The root-mean-square (r.m.s.) value of an alternating current is equivalent to the steady direct current that converts electrical energy to other forms of energy at the same average rate as the alternating current in a given resistance.
- The r.m.s. current of an alternating current is also known as the effective current of the a.c.
- An alternating current ammeter reads the root-mean-square current value of an alternating current.
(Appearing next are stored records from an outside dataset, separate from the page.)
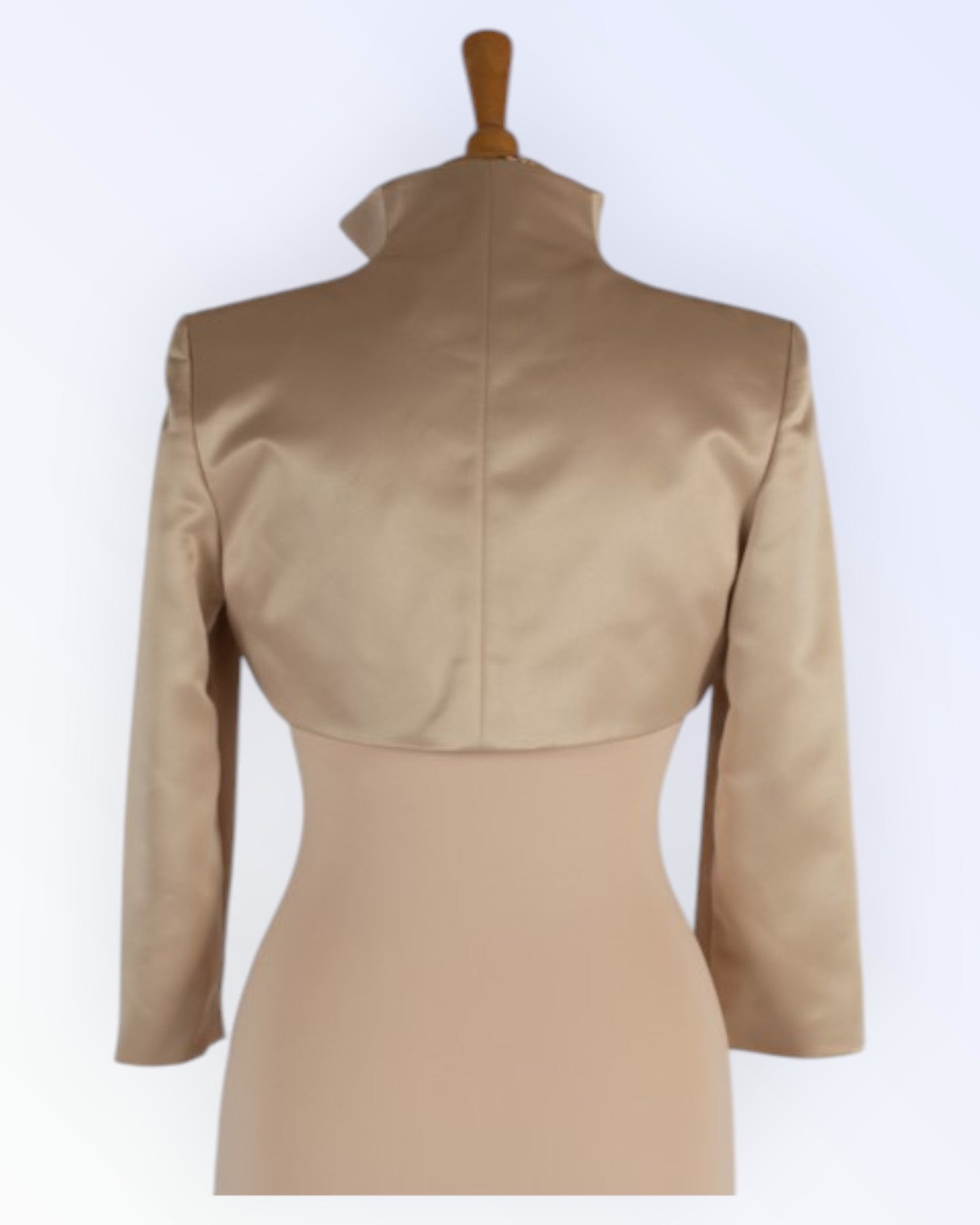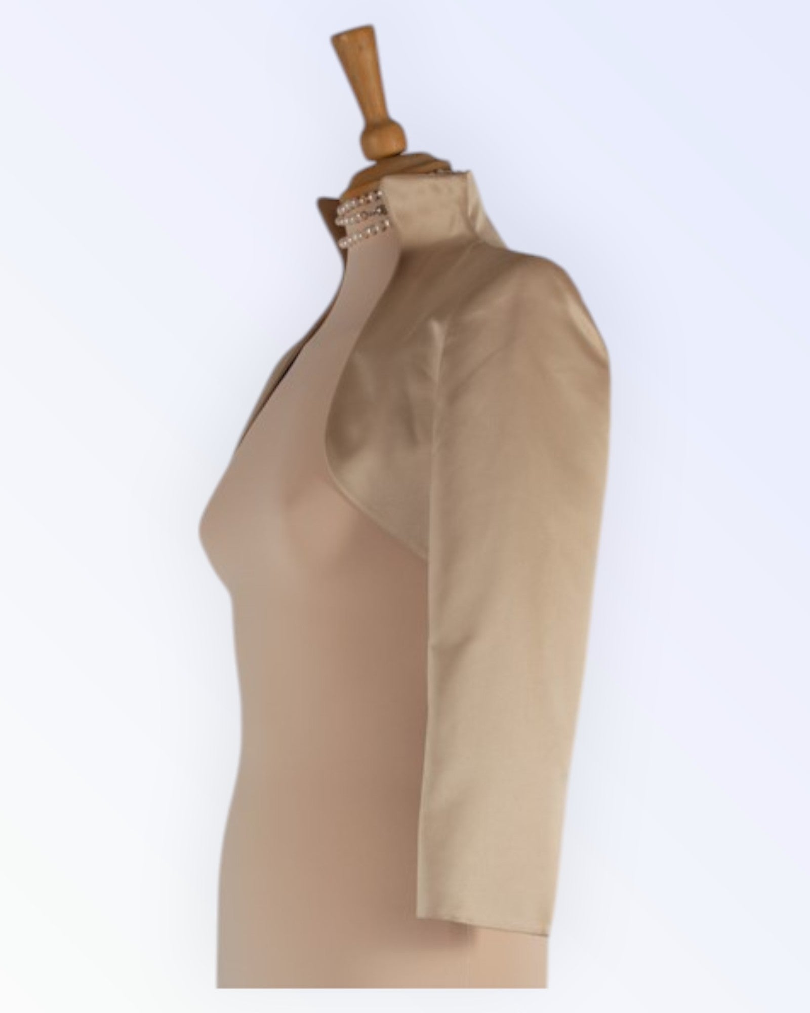 Beež satiinist pidulik püstkraega boolero.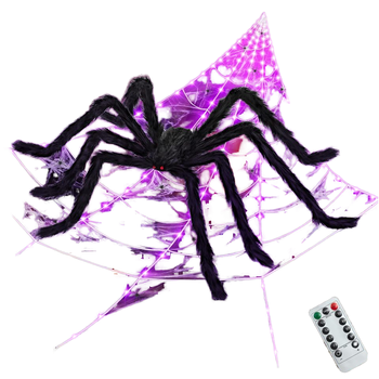 Cadılar bayramı parlayan örümcek web üçgen web işıkları ile siyah örümcek peluş boy renkli örümcek parti dekorasyon sahne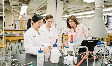 Chemistry labs in college are designed for hands-on experimentation and observation. They are equipped with specialized tools and equipment such as Bunsen burners, beakers, flasks, and test tubes. Students can perform experiments, analyze data, and draw conclusions to reinforce theoretical concepts learned in lectures. Safety measures and precautions are emphasized.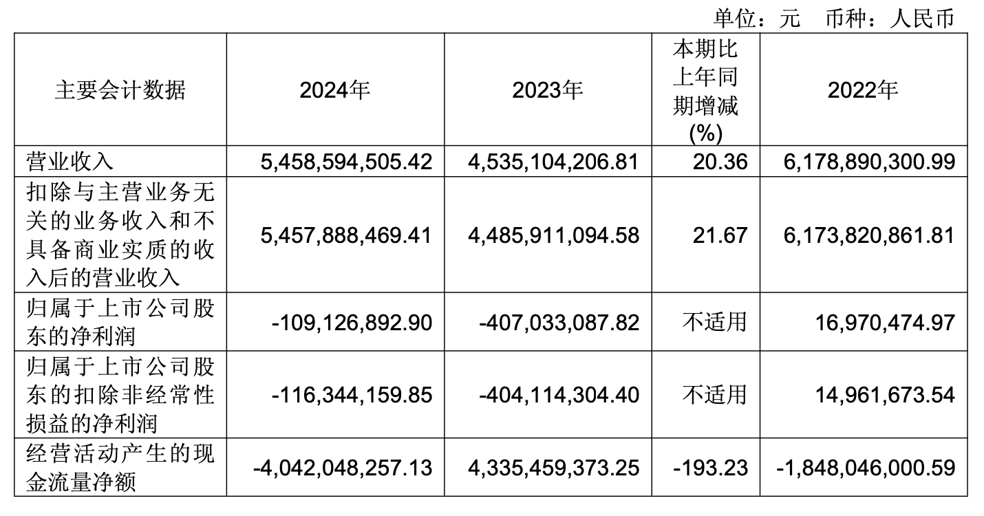 2024年,公司实现营收为54.59亿元,同比增长20.36%;归母净利润为-1.09亿元,而上年同期为-4.07亿元。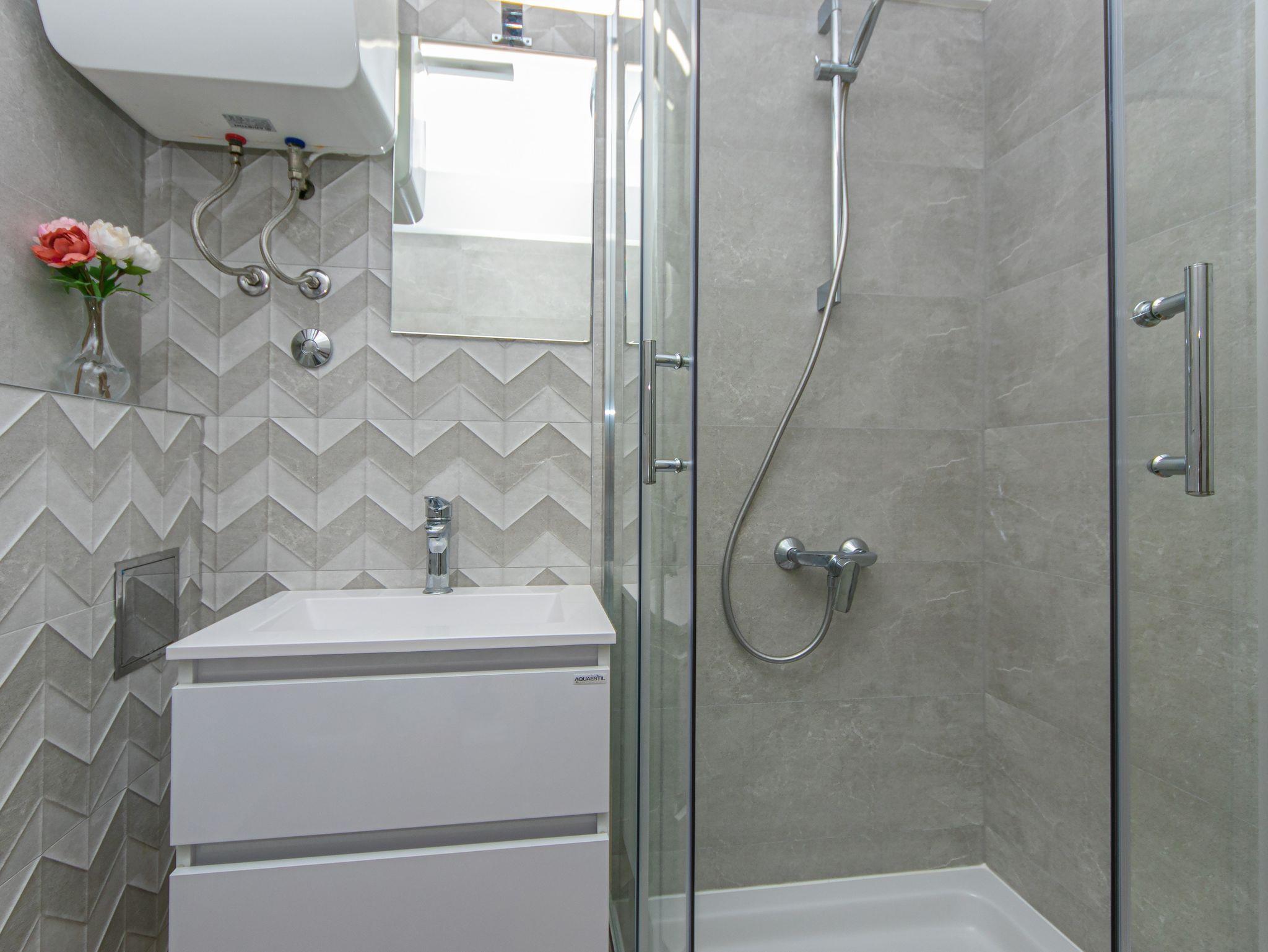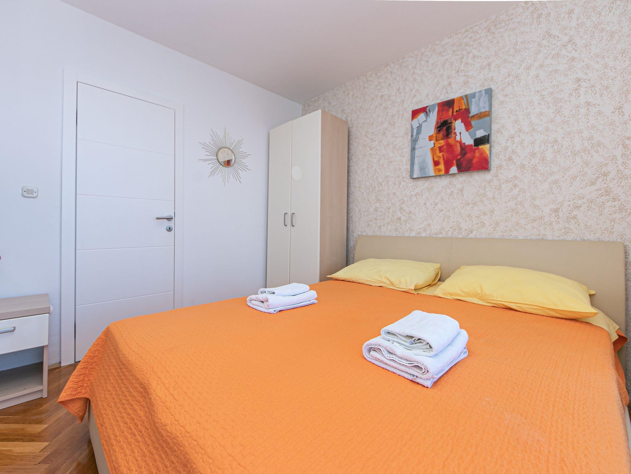 Ferienwohnung bietet Platz für 4 Gäste. Die Betten sind in Schlafzimmern, die es 2 gibt, innerhalb einer Gesamtfläche von 30m2, angeordnet. Die Gäste haben eine eigene Terrasse zur Verfügung, auf der sie in warmen Sommernächten genießen können. Das Apartment bietet Meerblick. IM PREIS INBEGRIFFEN: Kurtaxe, Endreinigung, Klimatisierung, Parkplatz, Internet. VERBINDLICHE ZUSÄTZLICHE KOSTEN: Aufzahlung für Kurzaufenthalte (prozentualer Zuschlag pro Nächtigungsanzahl: 30% - 1, 20% - 2, 10% - 3). Die Verfügbarkeit zusätzlicher Dienstleistungen in Ihrem reservierten Termin und die Preise derselben (falls nicht aufgeführt) müssen im Voraus überprüft werden. Zusätzliche Dienstleistungen die in der Zahlungsaufforderung nicht aufgeführt sind werden direkt beim Vermieter bezahlt, angenommen der Gast nutzt auch diese.

- The r.m.s. value of an alternating current is the equivalent direct current which could have achieved the same amount of heating over the same period of time for the same resistor used.
For the left diagram,
The power dissipated in R is $P_{dc} = I_{dc}^{2} \, R$
For right diagram,
Average power is $\left< P_{ac} \right> \, = \, \left< I_{ac}^{2} \right> \, R$
Supposing both resistors are dissipating heat at the same average rate:
$P_{dc} = \left< P_{ac} \right>$
$I_{dc}^{2} \, R = \left< I_{ac}^{2} \right> R$
Canceling R from both sides of the equation,
$I_{dc}^{2} \, = \left< I_{ac}^{2} \right>$
$I_{dc} = \sqrt{ \left( \left< I_{ac}^{2} \right>\right) }= I_{rms}$
The steady $I_{dc}$ is equivalent to the square root of the mean of the square of the $I_{ac}$
3 simple steps to get r.m.s. values
- Square the current
- Take the mean or average
- Square root the mean
For a sinusoidal alternating current, where Io is the peak value
$$I_{rms} = \frac{I_{o}}{\sqrt{2}}$$
$$V_{rms} = \frac{V_{o}}{\sqrt{2}}$$